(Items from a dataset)
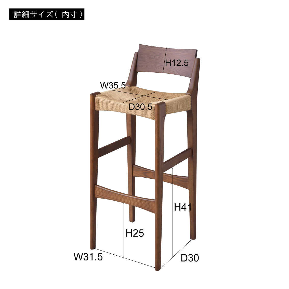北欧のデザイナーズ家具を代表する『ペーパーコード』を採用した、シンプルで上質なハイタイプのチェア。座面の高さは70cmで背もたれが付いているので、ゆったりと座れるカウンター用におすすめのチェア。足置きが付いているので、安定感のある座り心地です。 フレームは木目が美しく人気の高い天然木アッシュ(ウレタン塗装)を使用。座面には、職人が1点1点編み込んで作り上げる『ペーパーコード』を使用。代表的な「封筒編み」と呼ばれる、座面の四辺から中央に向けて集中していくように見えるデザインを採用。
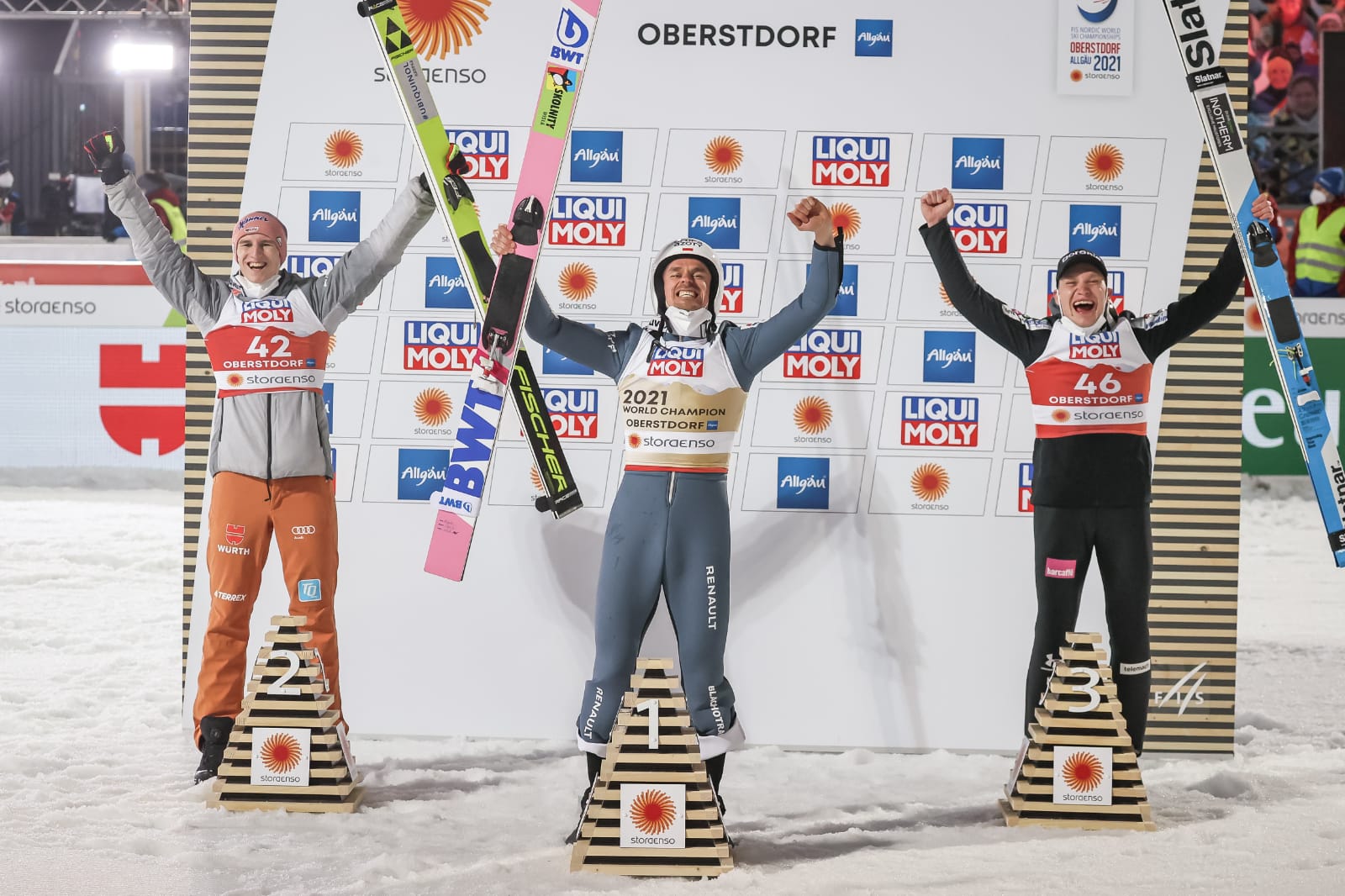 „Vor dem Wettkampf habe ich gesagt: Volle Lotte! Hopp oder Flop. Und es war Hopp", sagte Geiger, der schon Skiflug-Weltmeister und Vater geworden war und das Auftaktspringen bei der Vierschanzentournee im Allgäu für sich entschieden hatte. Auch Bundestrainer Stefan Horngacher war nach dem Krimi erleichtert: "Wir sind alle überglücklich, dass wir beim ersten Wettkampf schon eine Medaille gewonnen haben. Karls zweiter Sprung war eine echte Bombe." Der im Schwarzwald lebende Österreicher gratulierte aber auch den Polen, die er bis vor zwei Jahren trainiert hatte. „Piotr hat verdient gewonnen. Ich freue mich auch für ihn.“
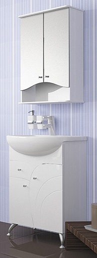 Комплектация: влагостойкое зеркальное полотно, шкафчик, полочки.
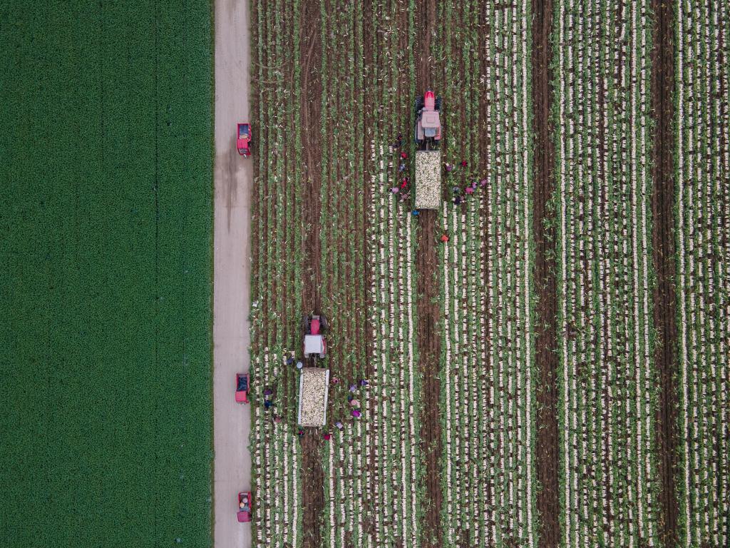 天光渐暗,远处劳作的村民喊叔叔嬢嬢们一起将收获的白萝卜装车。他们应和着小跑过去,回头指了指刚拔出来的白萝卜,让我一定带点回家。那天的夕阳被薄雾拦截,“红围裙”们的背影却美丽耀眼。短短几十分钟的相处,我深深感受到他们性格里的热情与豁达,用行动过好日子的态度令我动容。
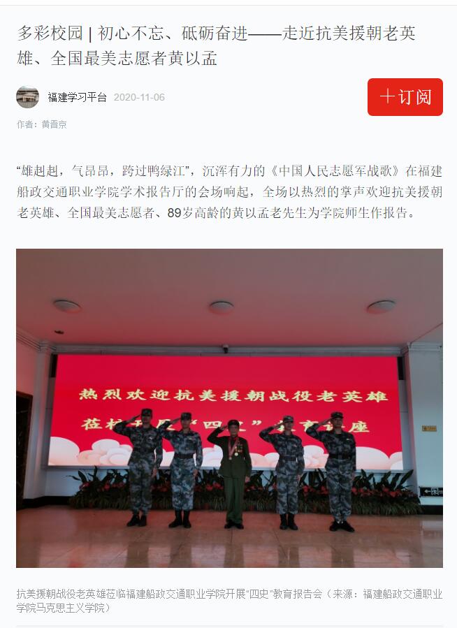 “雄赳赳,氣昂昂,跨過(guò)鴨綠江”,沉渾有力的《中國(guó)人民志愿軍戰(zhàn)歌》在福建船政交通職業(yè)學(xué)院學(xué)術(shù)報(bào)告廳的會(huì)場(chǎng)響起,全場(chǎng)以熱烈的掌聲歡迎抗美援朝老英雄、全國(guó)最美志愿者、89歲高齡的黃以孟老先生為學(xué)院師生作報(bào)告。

» THE PROBLEM
Print, word for word, the lines above that run from the line containing "dem Wettkampf habe" to the line containing "天光渐暗,远处劳作的村民喊叔", both included. Keep the pictures out.

» TASK OUTPUT
 „Vor dem Wettkampf habe ich gesagt: Volle Lotte! Hopp oder Flop. Und es war Hopp", sagte Geiger, der schon Skiflug-Weltmeister und Vater geworden war und das Auftaktspringen bei der Vierschanzentournee im Allgäu für sich entschieden hatte. Auch Bundestrainer Stefan Horngacher war nach dem Krimi erleichtert: "Wir sind alle überglücklich, dass wir beim ersten Wettkampf schon eine Medaille gewonnen haben. Karls zweiter Sprung war eine echte Bombe." Der im Schwarzwald lebende Österreicher gratulierte aber auch den Polen, die er bis vor zwei Jahren trainiert hatte. „Piotr hat verdient gewonnen. Ich freue mich auch für ihn.“
 Комплектация: влагостойкое зеркальное полотно, шкафчик, полочки.
 天光渐暗,远处劳作的村民喊叔叔嬢嬢们一起将收获的白萝卜装车。他们应和着小跑过去,回头指了指刚拔出来的白萝卜,让我一定带点回家。那天的夕阳被薄雾拦截,“红围裙”们的背影却美丽耀眼。短短几十分钟的相处,我深深感受到他们性格里的热情与豁达,用行动过好日子的态度令我动容。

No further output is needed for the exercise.